__Given material__.
*****
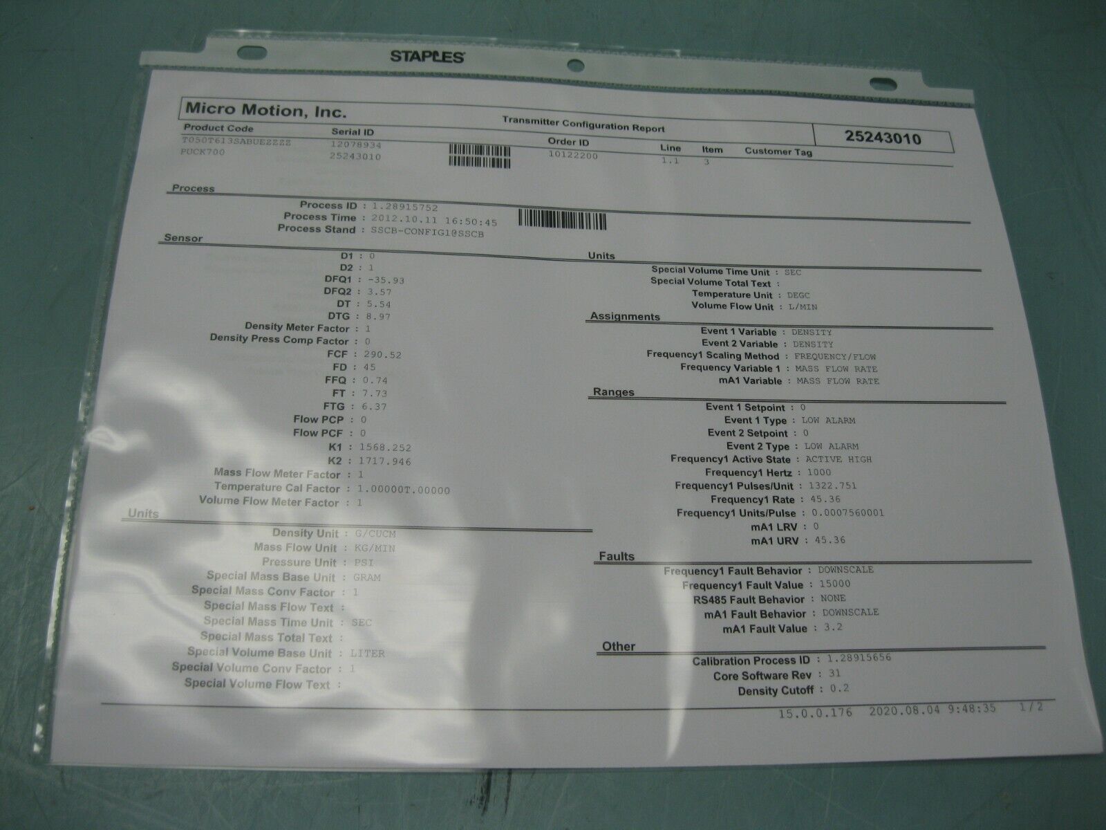 1/2" 150# Micro Motion T050 Flow Sensor 700 Core Processor CALIBRATED H15 (2681) quantity
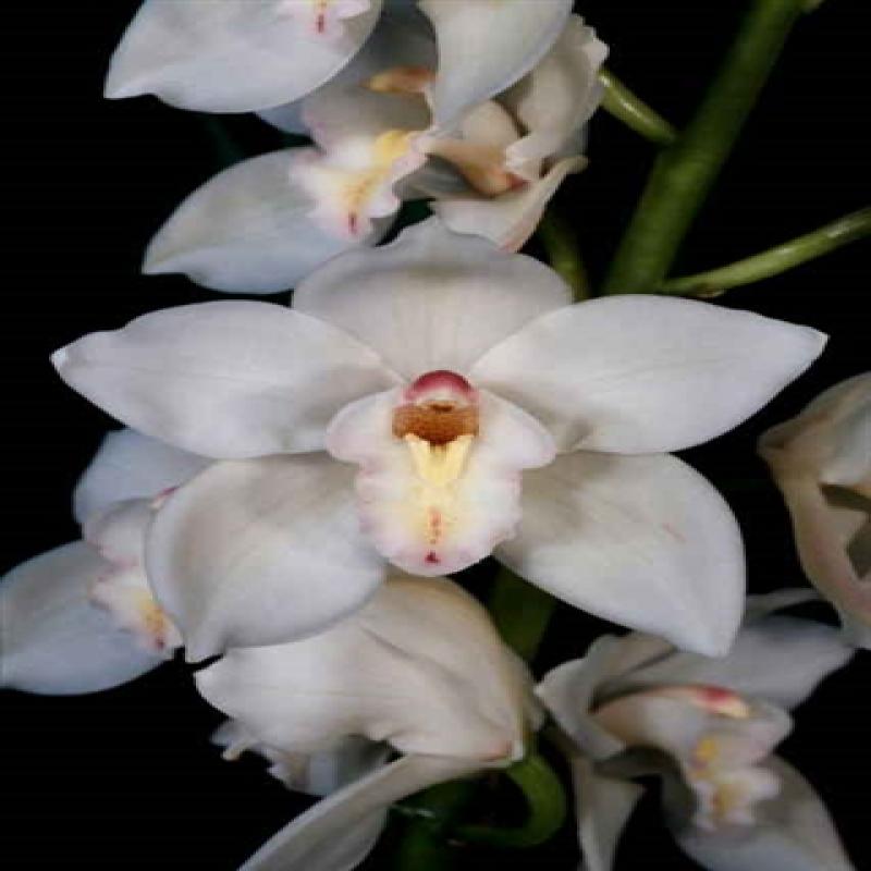 A very nice white standard with large flowers on upright spikes and good flower count. This plant was Reserve Champion at the 2009 Santa Barbara International Orchid Show and received a Silver Medal from the Cymbidium Society of America (CSA). This is a near blooming size division of the original Awarded Plant.
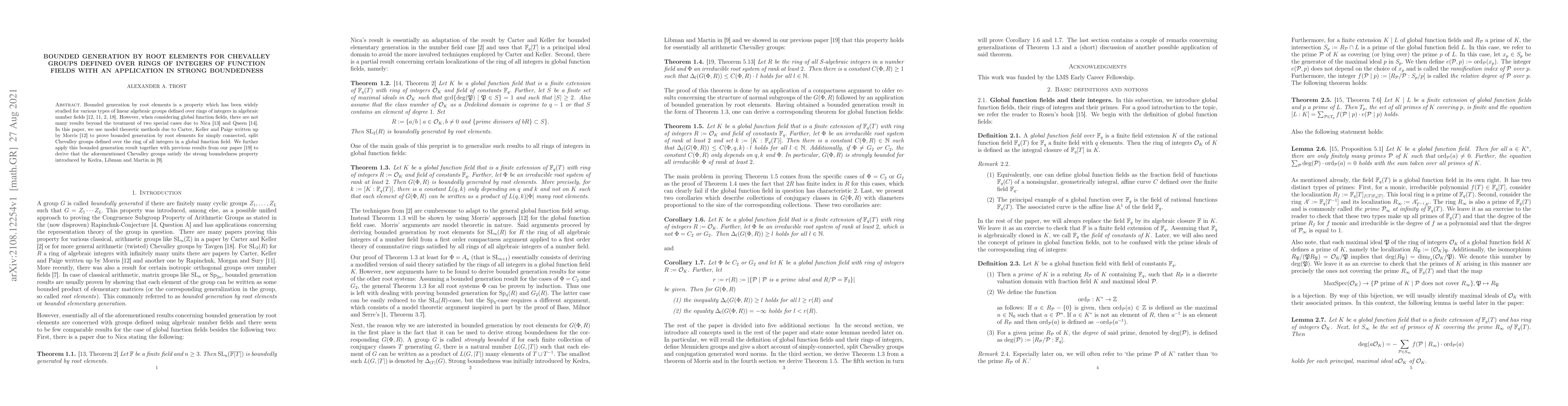 This paper proves bounded generation by root elements for simply connected, split Chevalley groups over global function fields using model theoretic methods, and applies this result to show that these groups satisfy the strong boundedness property.
*****
Everything in the data except the pictures must be transcribed exactly.

 1/2" 150# Micro Motion T050 Flow Sensor 700 Core Processor CALIBRATED H15 (2681) quantity
 A very nice white standard with large flowers on upright spikes and good flower count. This plant was Reserve Champion at the 2009 Santa Barbara International Orchid Show and received a Silver Medal from the Cymbidium Society of America (CSA). This is a near blooming size division of the original Awarded Plant.
 This paper proves bounded generation by root elements for simply connected, split Chevalley groups over global function fields using model theoretic methods, and applies this result to show that these groups satisfy the strong boundedness property.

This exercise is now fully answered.